For your understanding,
let's consider a separate problem where the choice of w is crucial.
I would like to encourage you to think of proving a language to be irregular as a game between you and someone who wants to claim that it is regular.

step 1: you challenge your opponent to select a number p such that pumping lemma holds.
step 2: you carefully select a w (so that you can win the game)
step 3: your opponent finds a prefix xy of w (w=xyz) and denote which part of the prefix is the part where we can pump. His choice is restricted by the fact that the length of xy |xy|<=p
step 4: now you find a k such that $\displaystyle xy^kz$ is not in the language, usually k=2 works.

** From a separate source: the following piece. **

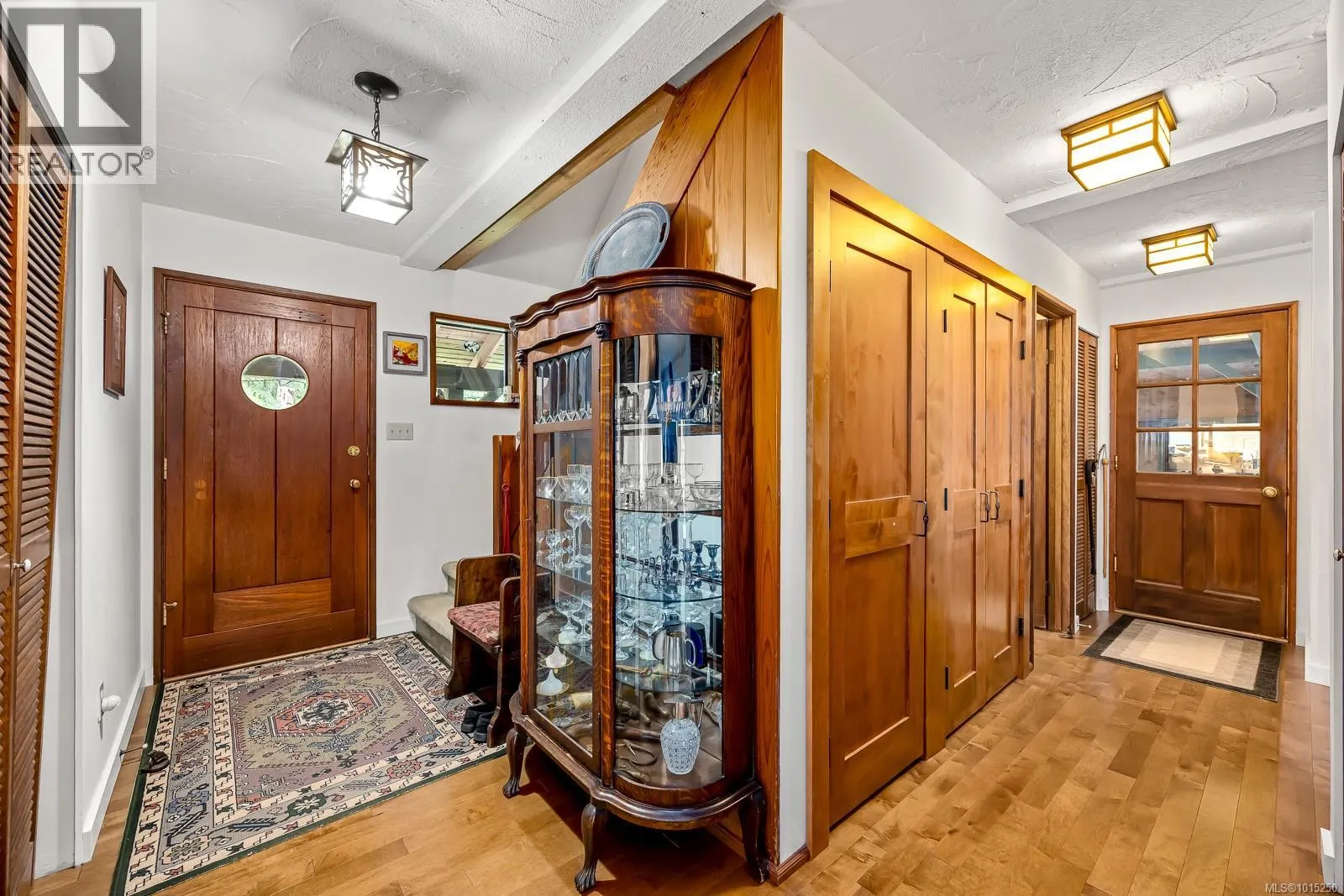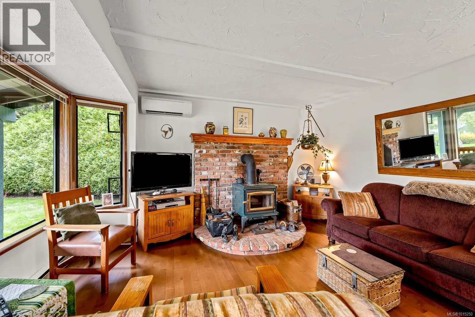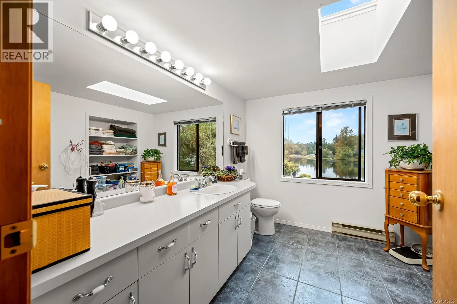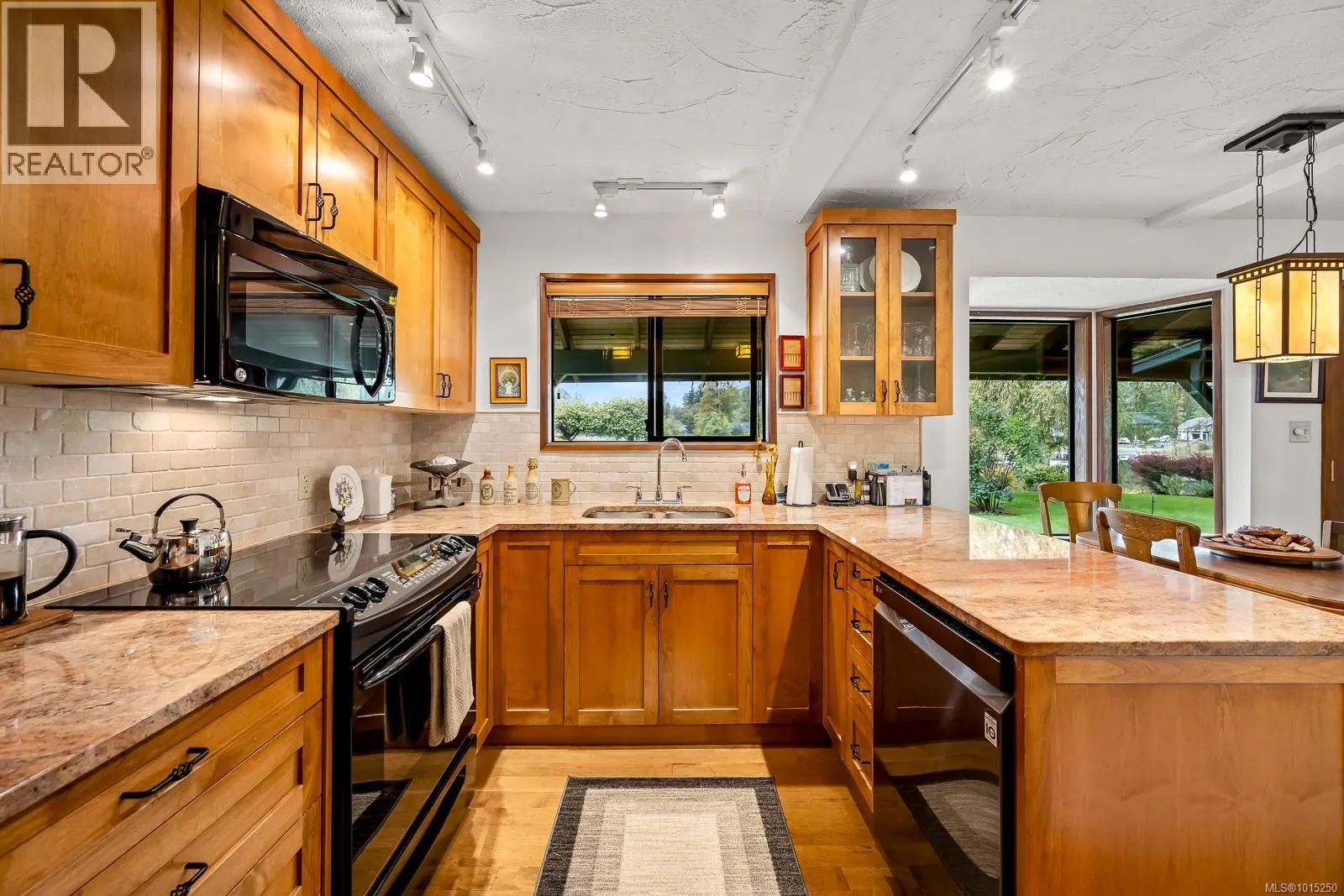 Lakefront home on Robinson Lake with additional accommodation. Set on a peaceful half acre, this classic Cape Cod inspired character home sits right on the shore of Robinson Lake with mountains rising beyond a private, trout-stocked lake. The exterior is clad in custom beveled cedar siding, and the grounds feature mostly perennial, deer-resistant gardens and a storage shed. Enjoy the sun on the sandy beach, or relax beneath the pergola on the lakeside patio. Inside, the 2,128 sq ft layout offers three generous bedrooms plus a versatile bonus room. The primary easily fits a king bed and includes a spa nook with a six-foot soaker tub and shower framed by lake views. An adjacent two-piece bath has room to add a walk-in shower if desired. On the main level, a second bathroom features an authentic clawfoot tub with a pedestal sink originally from the Empress Hotel, adding a little charm. The kitchen offers modern cabinetry, granite counters, two pantries, all appliances, and beautiful lake views. New maple hardwood floors ground the main level, the upper level is carpeted for warmth. Gather in the living room around the wood stove on winter evenings, and stay comfortable and cool through summer and warm in the winter with the mini-split heat pump. Enjoy the bonus of a heated garage connected by a breezeway and carport. There's a full concrete crawlspace that provides ample dry storage with easy access and a solar powered attic ventilation fan. Well maintained with multiple upgrades, including two new 40-gallon hot-water tanks, built-in water filtration, a 2021 roof, an upgraded septic system, and irrigation for lawns and gardens, solar film on upper windows facing the lake. A separate, self-contained studio suite above garage with lake views adds flexible accommodation with its own entrance, high ceilings, kitchen, three-piece bath, and air conditioning, ideal for guests, family, or creative work. Lakeside living, timeless charm, and thoughtful updates ready to enjoy. (id:27476)

as a demonstration, i shall define another language
$\displaystyle L=\{0^m1^n|n>m\}$
and prove it is not regular.

step 1: let him select a p for which he thinks his pumping lemma will hold.
step 2: you select w to be $\displaystyle 0^p1^{p+1}$ check that |w|=2p >=p
step 3: you will find that as usual, no matter how your opponent choose, the prefix must be of the form $\displaystyle 0^i$ and therefore his y must also be of the form $\displaystyle 0^j$ and $\displaystyle z=0^{p-i}1^{p+1}$
step 4: $\displaystyle xy^2z=0^{i-j}0^{2j}0^{p-i}1^{p+1}=0^{p+j}1^{p+1}$
but p+j>=p+1 means that $\displaystyle xy^2z \notin L$
which is well and good and you win.

suppose instead at step 2 we are careless and choose w to be $\displaystyle 0^{p-1}1^{p}$
now his turn in step 3, he can actually choose $\displaystyle xy=0^{p-1}1, |xy|=p,y=1$
now, no matter what k you choose,$\displaystyle xy^kz=0^{p-1}1^{p+k}\in L$. He'd be happy he won the game, but this doesn't mean that L is actually regular, he is just lucky that you have not chosen the right w. So the idea behind using pumping lemma is to choose the w to force the choice by your opponent so that you win no matter what he choose.

Now as an exercise, go back to the original question and see why I said that any choice of w with length |w|>=p works.

Last edited by changcw83; November 8th, 2015 at 01:50 AM.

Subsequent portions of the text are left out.